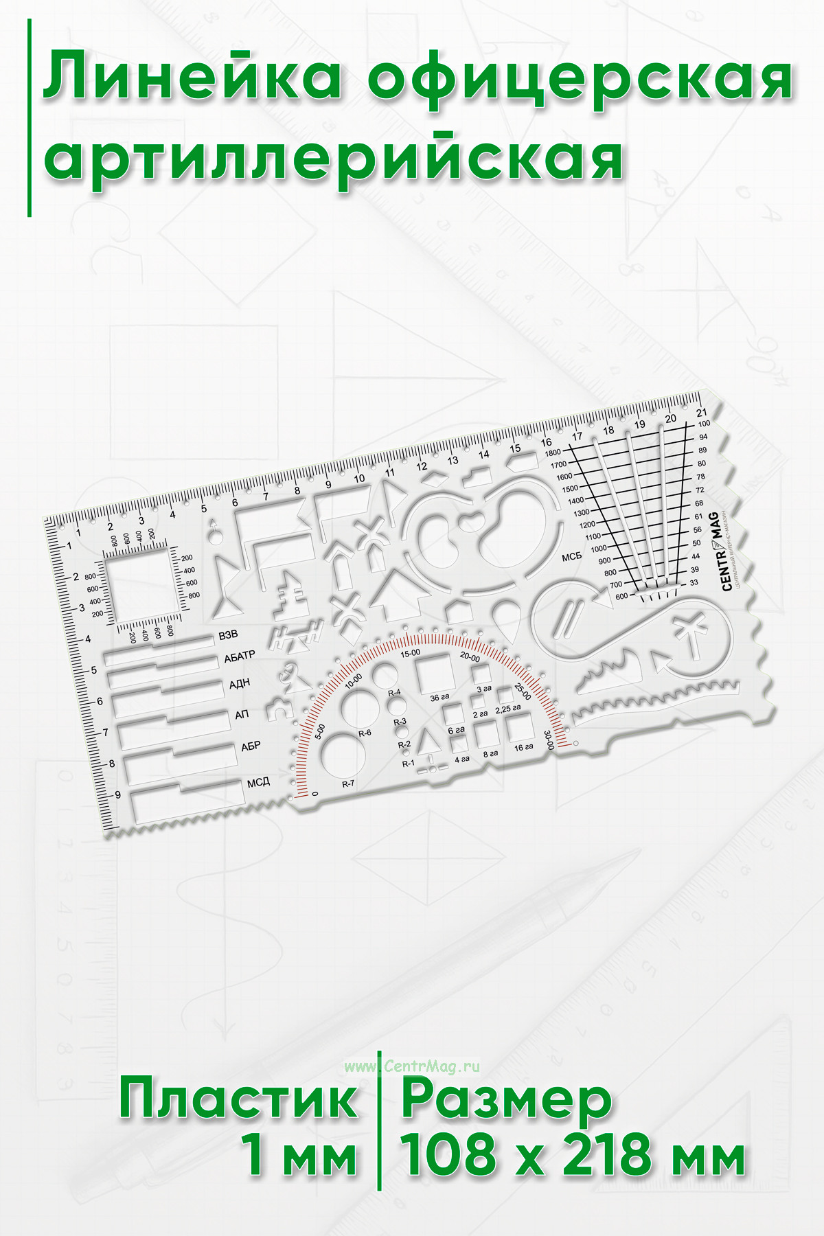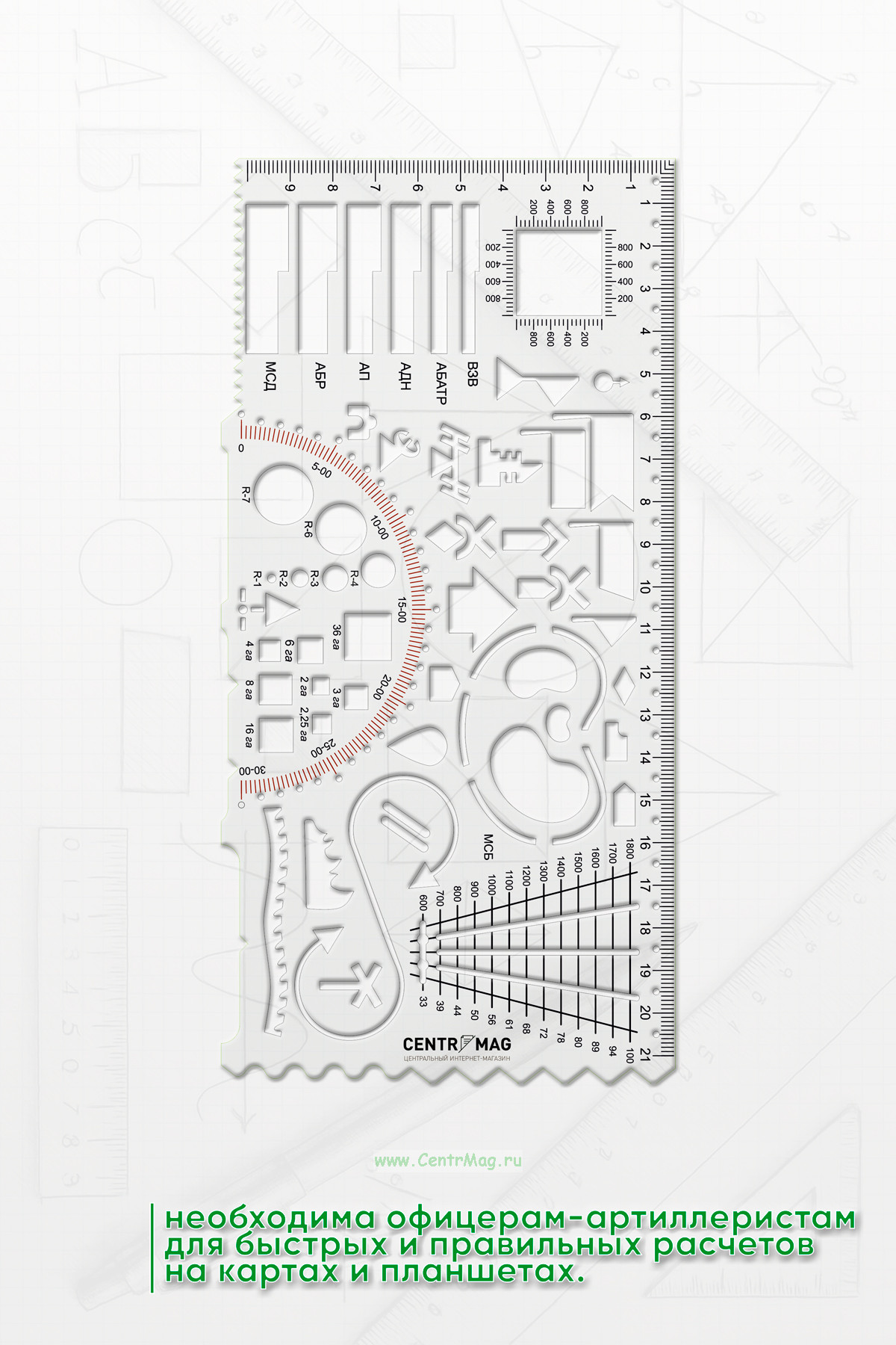 Линейка содержит тактические элементы, необходимые офицерам-артиллеристам для быстрых и правильных расчетов на картах и планшетах.
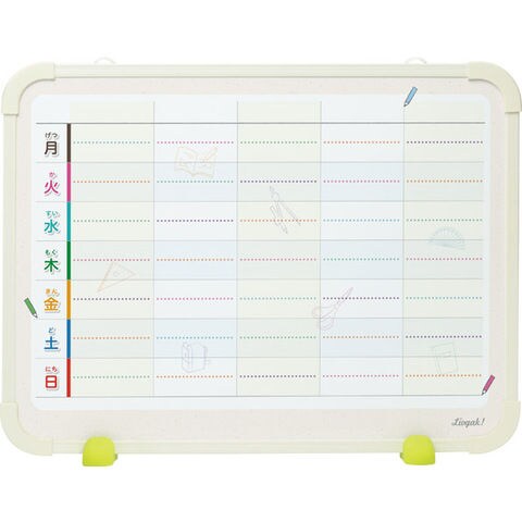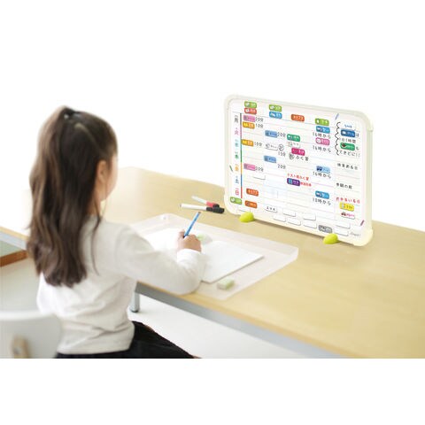 - 付属品:イレーザー付専用マーカー(黒・赤)・マグネット(30個+無地10個)・スタンド足
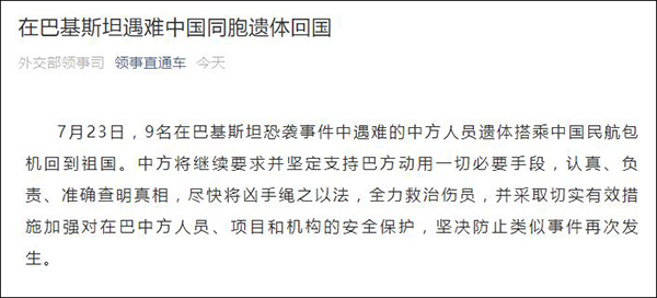 據外交部領事司微信公眾號“領事直通車”今晚(23日)消息,9名在巴基斯坦恐襲事件中遇難的中方人員遺體今天搭乘中國民航包機回到祖國。
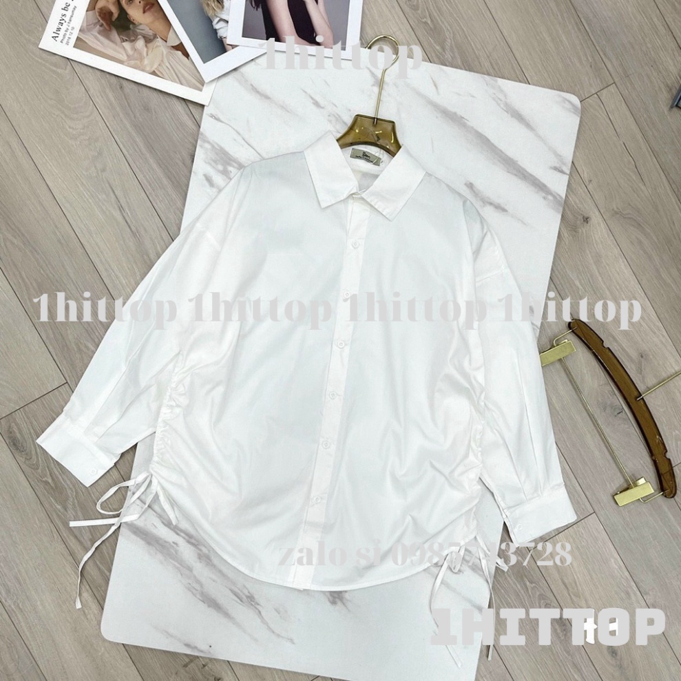 Giới thiệu áo sơ mi tay bồng rút eo 2 màu trắng hồng HA00055 1hittop
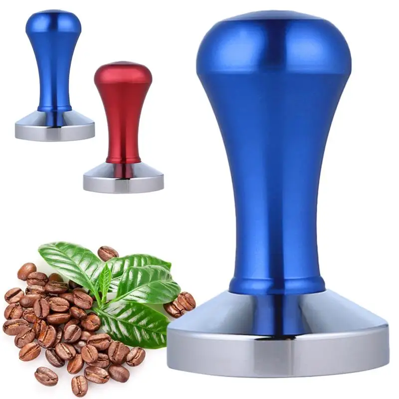 شراءمعلومات اضافية 58 ملليمتر شقة سدادة قهوة 304 قاعدة من الاستانلس ستيل مقبض ألمونيوم عبث القهوة مسحوق مطرقة مخصصة Coffeeware
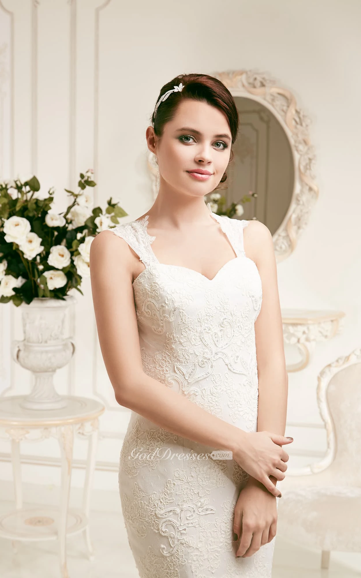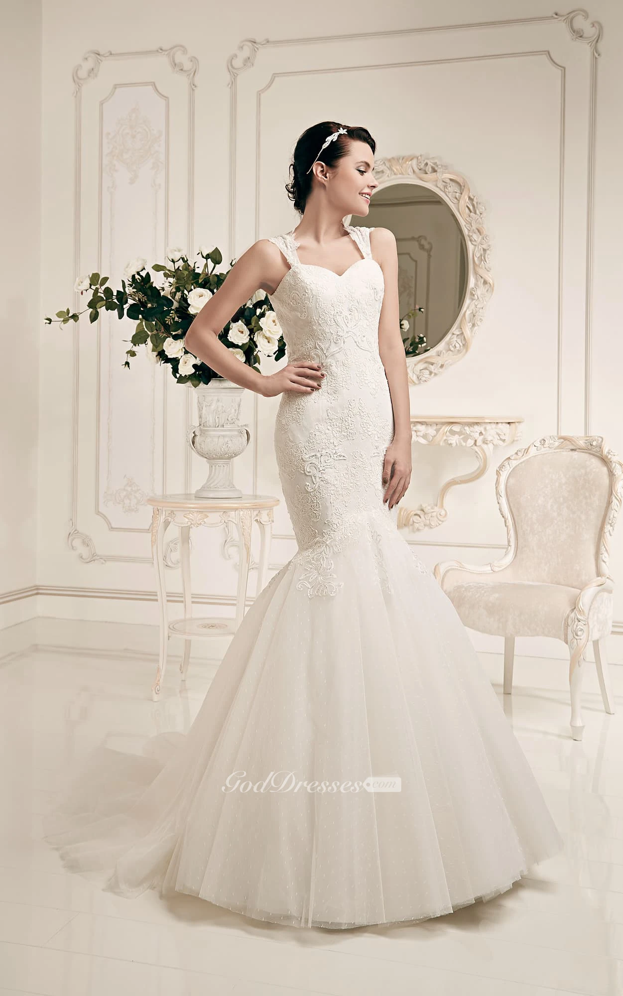 Strapped Sweetheart Illusion Back Appliques Mermaid Dress
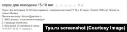 Радио Свобода удалось найти и другие объявления о наборе людей для фокус-групп об Алексее Навальном. Все они были размещены уже после митинга сторонников политика, состоявшихся в российских городах 12 июня. Отличается в этих объявлениях лишь желаемая организаторами аудитория исследований: "Мужчины и женщины 17 лет, сторонники и противники Навального", "Девушки 17 лет, противницы Навального", "Девушки 15–16 лет, сторонницы Навального". Платят за участие в этих фокус-группах 1000 рублей. Рекрутер, чьи контакты указаны под этими и другими объявлениями о наборе в фокус-группы о Навальном, в ответ на письма Радио Свобода ответил, что "не обладает информацией" о том, кто является заказчиком исследований.
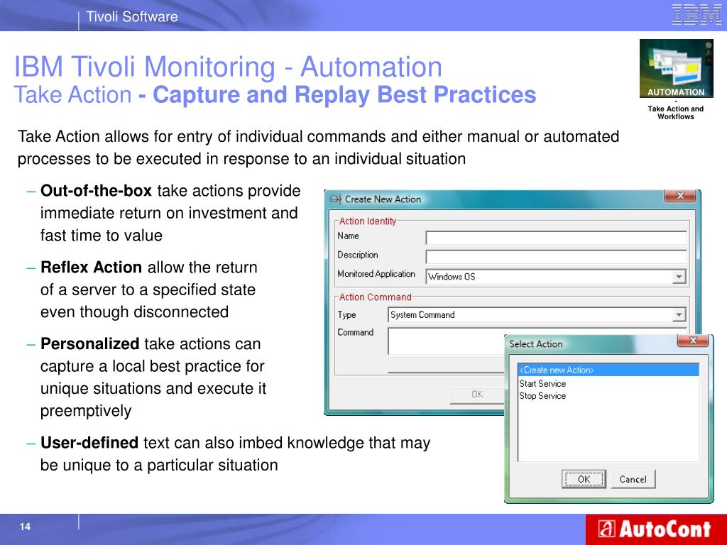 IBM Tivoli Monitoring - AutomationTake Action - Capture and Replay Best Practices Take Action allows for entry of individual commands and either manual or automated processes to be executed in response to an individual situation • Out-of-the-box take actions provide immediate return on investment andfast time to value • Reflex Action allow the returnof a server to a specified stateeven though disconnected • Personalized take actions cancapture a local best practice forunique situations and execute itpreemptively • User-defined text can also imbed knowledge that maybe unique to a particular situation
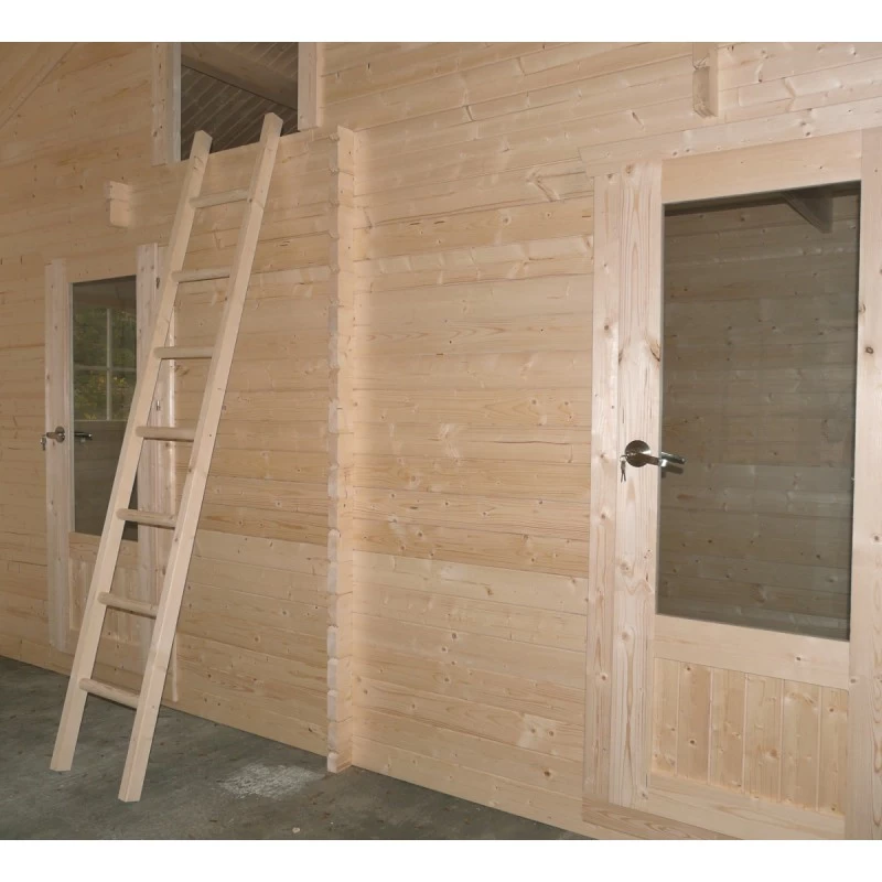 Au dessus de ces deux pièces, une mezzanine est accessible via une échelle en bois, sa hauteur maximale est de 185cm. Tous les vitrages des portes et fenêtres sont en verre de sécurité, pour votre sérénité, et les fenêtres ainsi que la porte principale sont décorées de croisillons en bois. L’installation de l’abri est à faire sur dalle de béton, que vous veillerez à isoler de l’humidité du sol par une membrane d’étanchéité. Le montage est simplifié par le système Place&Plug développé par le spécialiste belge des constructions en bois Solid, expert depuis 1992. C’est un système d’encoches situées aux extrémités des madriers qui apporte, en plus de l’aspect esthétique, une solidité structurelle à la construction et facilite à une mise en œuvre d’équerre. Par ces encoches, les parois s’imbriquent les unes dans les autres à la manière d’une cabane canadienne.

# # # # # # #

__TASK DETAILS__. Only the lines from the one with "IBM Tivoli Monitoring" through the final line of the data should be written out, exactly and including both ends. Skip the pictures.

__WRITTEN RESPONSE__.
 IBM Tivoli Monitoring - AutomationTake Action - Capture and Replay Best Practices Take Action allows for entry of individual commands and either manual or automated processes to be executed in response to an individual situation • Out-of-the-box take actions provide immediate return on investment andfast time to value • Reflex Action allow the returnof a server to a specified stateeven though disconnected • Personalized take actions cancapture a local best practice forunique situations and execute itpreemptively • User-defined text can also imbed knowledge that maybe unique to a particular situation
 Au dessus de ces deux pièces, une mezzanine est accessible via une échelle en bois, sa hauteur maximale est de 185cm. Tous les vitrages des portes et fenêtres sont en verre de sécurité, pour votre sérénité, et les fenêtres ainsi que la porte principale sont décorées de croisillons en bois. L’installation de l’abri est à faire sur dalle de béton, que vous veillerez à isoler de l’humidité du sol par une membrane d’étanchéité. Le montage est simplifié par le système Place&Plug développé par le spécialiste belge des constructions en bois Solid, expert depuis 1992. C’est un système d’encoches situées aux extrémités des madriers qui apporte, en plus de l’aspect esthétique, une solidité structurelle à la construction et facilite à une mise en œuvre d’équerre. Par ces encoches, les parois s’imbriquent les unes dans les autres à la manière d’une cabane canadienne.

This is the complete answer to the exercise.